What if there were a way to redefine the space, somehow, so that it was not a non-functional bridge but a functional something else …. or a space in which its non-functionality could be a feature rather than a bug? What if the space were reconfigured so that its most important axis was not horizontal but vertical? What if it were filled with earth and plants, no longer a bridge but a hanging garden, tendrils falling down in a curtain through which pedestrians below would pass, ensnared by succulents, caught up in trailing honeysuckle?

I’ve become taken with this idea recently: not the idea of literally making the bridge to nowhere into a hanging garden, but the idea more generally of how and when passages become enclosures or enclosures passages. The forms of the vignette and the arabesque interest me because they share a quality of movement without progress. Like hanging gardens, vignettes and arabesques encroach into surrounding spaces but not in service of any particular end. A vignette, so named because it is “A running or trailing ornament or design in imitation of the branches, leaves, or tendrils of the vine,” is any embellishment, illustration, or picture uninclosed in a border, or having the edges shading off into the surrounding paper …” (OED).

Hogarth's shop card

Hogarth’s shop card!

Arabesque is a close cousin, a decorative pattern characterized by flowing, interlacing lines “typically of branches, leaves, and flowers” (OED).

anonymous Italian

anonymous, Italian, 18th century

In lieu of a straight line from A to B, an arabesque or vignette is all forking paths and detours with no discernible end. Such a form, William Hogarth suggests, is most engaging to the eye, if it “hath every turn in it that lines are capable of moving into, and at the same time no way applied, nor of any manner of use” (The Analysis of Beauty, 1753, my emphasis).

When I fantasize about making the bridge to nowhere into a hanging garden, I think that Hogarth is onto something: that is, I imagine the appeal of the hanging garden would reside in the play of its lines, not in its instrumentality.

And yet.

If you’re me, to imagine those hanging tendrils is also to imagine eagerly scaling them, as if they were Rapunzel’s locks; or swinging vine to vine, like Tarzan. As much as I chafe at the word instrumentality it’s also hard for me to let go of the desire to vault myself from A to B … of the desire to get. across. the bloody. bridge. To admit this feels like a failure of imagination on my part, a kind of constitutional basicness, a primitive need for sequence, plot, telos.

***

So maybe the curriculums maps are right after all. Maybe the desire for passage, the desire to get somewhere is too strong for us—or at least for me—to imagine mapping learning experiences other than in terms of where they can take us; that is, in terms of their application. But does that mean “mastery” is really the only valid metric? Aren’t encounters with aesthetic objects useful precisely because they acquaint us with mastery’s limits, with how, in the desire to know an object fully, to discern all its contours, what we run up against are not its edges but the limits of our own reach?

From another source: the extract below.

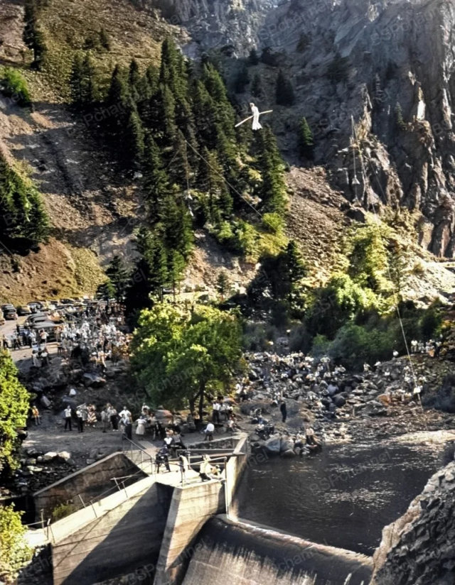 8. 82-летний канатоходец Айви Болдуин пересекает плотину. Колорадо, 1948 год.

If I were devising a curriculum map, I’d expand the range of possible learning outcomes a given course could be expected to produce. I’d be happy to keep the first three stages: Introduced; Developed; Mastered. But then, a twist! After “Mastered” would come the following: Discomfited; Perplexed; Thwarted; Undone; Stuck and Boggled and Knowing Not Which Way To Turn. [2]

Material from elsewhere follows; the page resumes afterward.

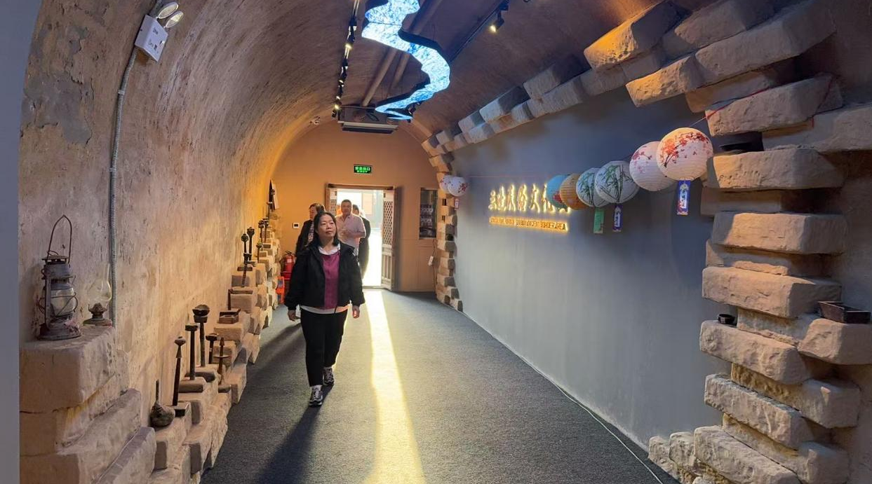 园区内的隧道式民俗展陈空间更是亮点十足,斑驳的土墙两侧陈列着老油灯、旧农具等老物件,搭配灯笼、彩绘等装饰,光影交错间勾勒出三边地区的生活变迁脉络。游客们漫步其间,触摸老物件、聆听民俗故事,沉浸式感受塞上民俗的独特魅力。“这些老物件太有年代感了,能直观感受到三边的历史和生活,带孩子来特别有教育意义。”来自延安的游客李女士感慨道。

In the meantime, I’m still feeling stuck. And I’m still plotting how to get onto that bridge.

 

Notes

[1] (Craig M. Klugman, “How Health Humanities Will Save the Life of the Humanities,” Journal of Medical Humanities 38(4): 419-430, 425, 420)

[2] Cf. John Locke’s remarks on understanding in his Miscellaneous Papers, 1677: “our understanding sticks and boggles and knows not which way to turn.” (From Lord Peter King, The Life of John Locke: With Extracts from his Correspondence, Journals, and Common-place Books, 322).